An overflow crowd listened intently as Laura opened with her Pikes Peak Writers Conference testimonial. She attended the first PPWC, before it achieved renown as one of the 10 best writing conferences in the nation. A winner of one of the first Paul Gillette Awards, Laura pitched her story and acquired an agent at the conference. Now a multi-published author, Laura encouraged the Write Brain audience to attend this year’s PPWC. One would do well to take her advice.

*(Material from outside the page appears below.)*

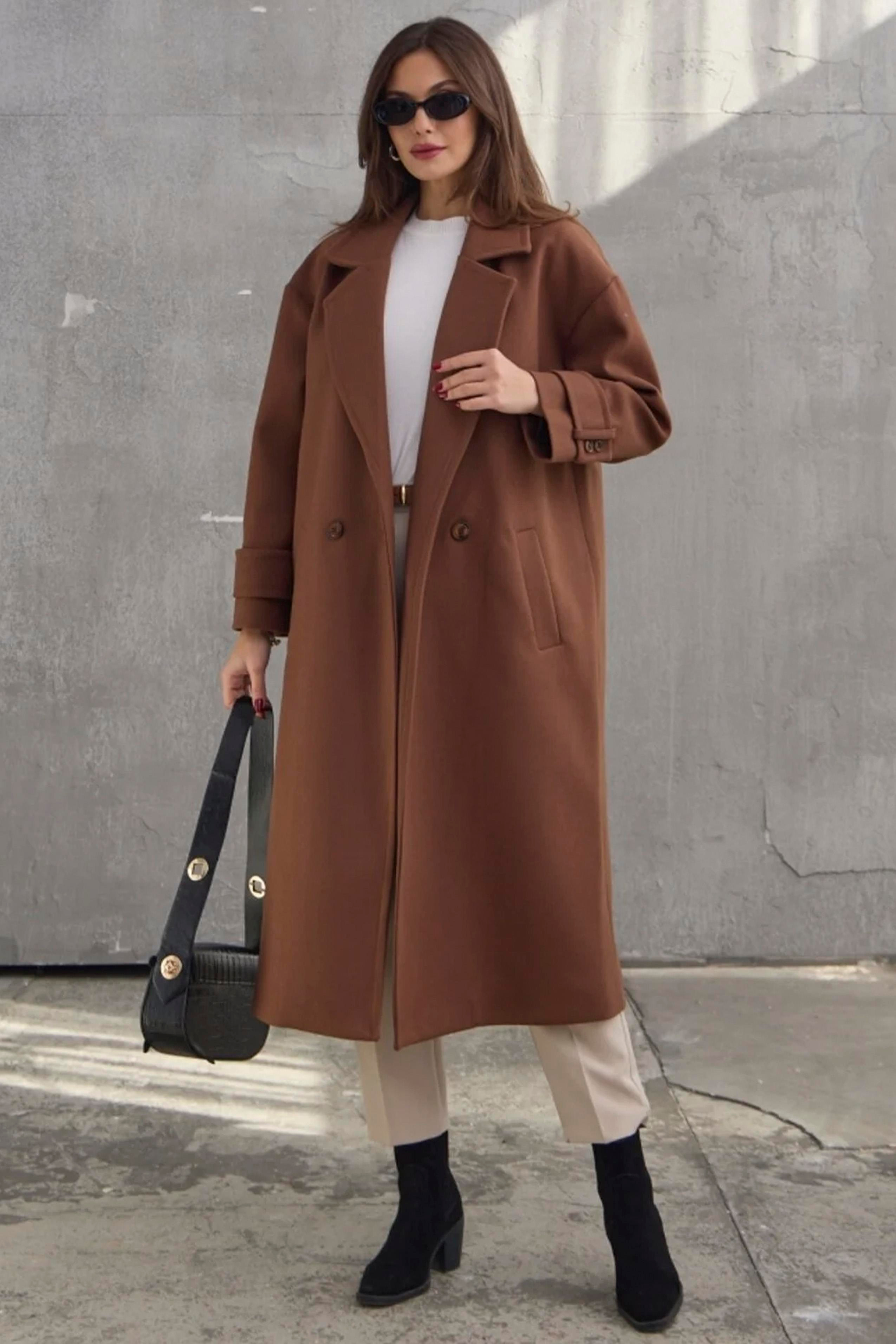 9205 OVERSIZE KRUVAZE KABAN KAHVE

Next, Laura broke fiction dialogue into two categories: Academic Dialogue and Practical Application Dialogue. She said that Academic Dialogue is the style you learn in English literature class. It does not contain contractions and uses completed sentences. Practical Application Dialogue, on the other hand, more closely mimics natural speech.

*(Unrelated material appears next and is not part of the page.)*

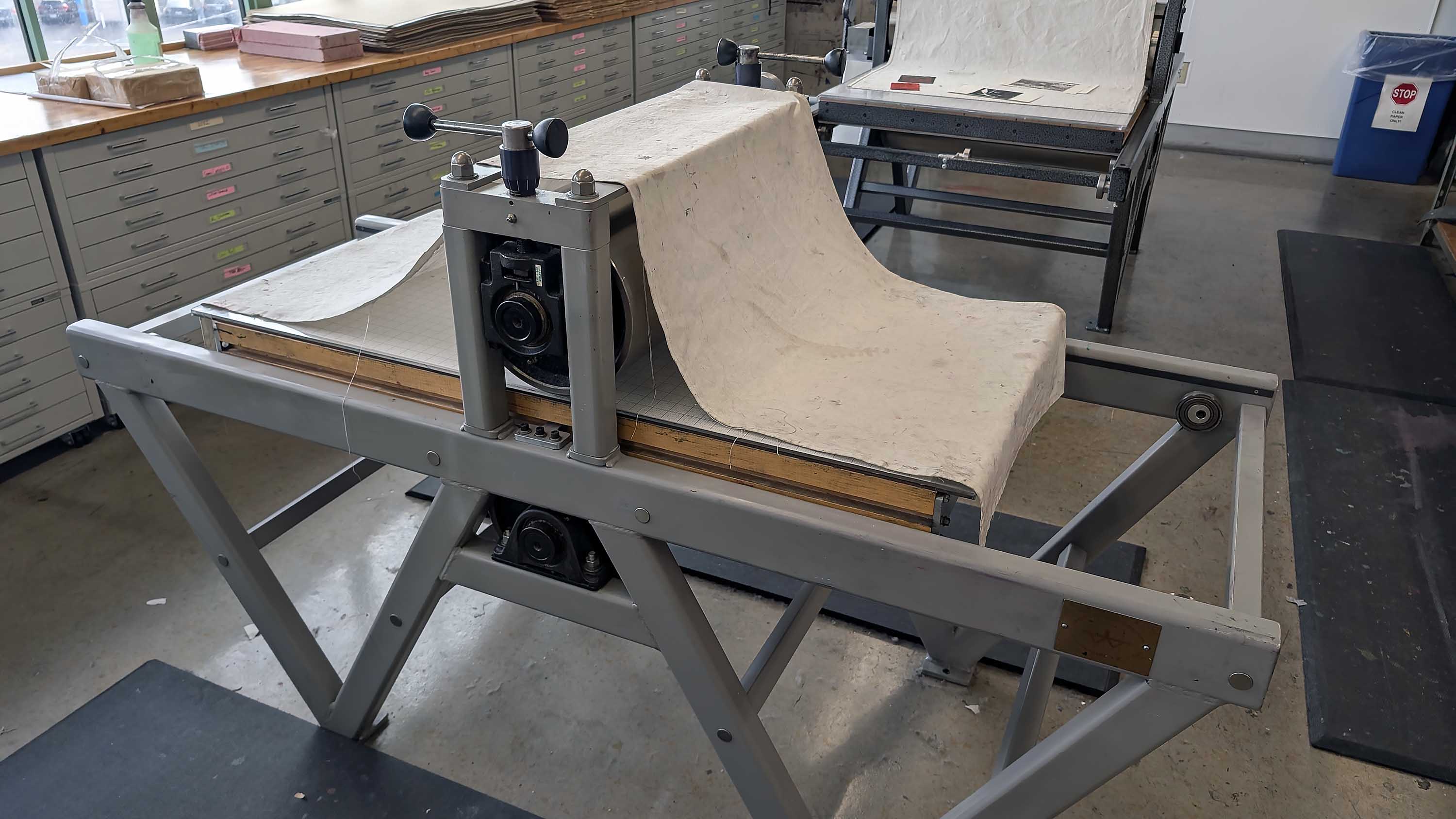 - Note: The Takach Etching Press is always engaged with the wheel and the mobile press #2 is not automatically engaged and may need to be “assisted” when you start to turn the wheel. Be aware of what is going toward the press and avoid allowing anything but the print pass through the press. Be aware of where your hands and clothing are. Be safe.

To illustrate her point, Laura held up lines of dialogue printed on sheets in font large enough to read from the back of the crowded room. She tossed the dialogue sheets onto the floor as she went, littering the front of the room.
“Good morning. Did you sleep well?”

This first line began a dry exchange between two faceless people about whether one had slept well, and what was on the breakfast menu. Little was revealed about character.

In the next iteration, Laura added contractions to make the dialogue seem more natural. The third time around, she made the first speaker an older woman.
“Good morning, dear. Slept well, I trust?”

For the fourth bit of dialogue, Laura made the second speaker a young man who spoke in a casual manner. She gave the dialogue sheets to audience members, who “acted” out the scene.

Next, Laura added narrative between the lines of dialogue, to put the story in the woman’s point of view. Finally, she changed it to the young man’s point of view.
The exercise illustrated the importance of choosing your words carefully to create depth. We watched the scene magically morph from a dull exchange of words to an unfolding of character and plot. Laura was ankle deep in paper by the end of this exercise, and the audience was delighted.

The next exercise required input from the audience. Laura instructed us to write a character description on an orange index card, and a snippet of dialogue on a white card. She then collected and shuffled the cards. The goal was to make the odd combinations work, as characters created by one audience member spoke the dialogue created by another.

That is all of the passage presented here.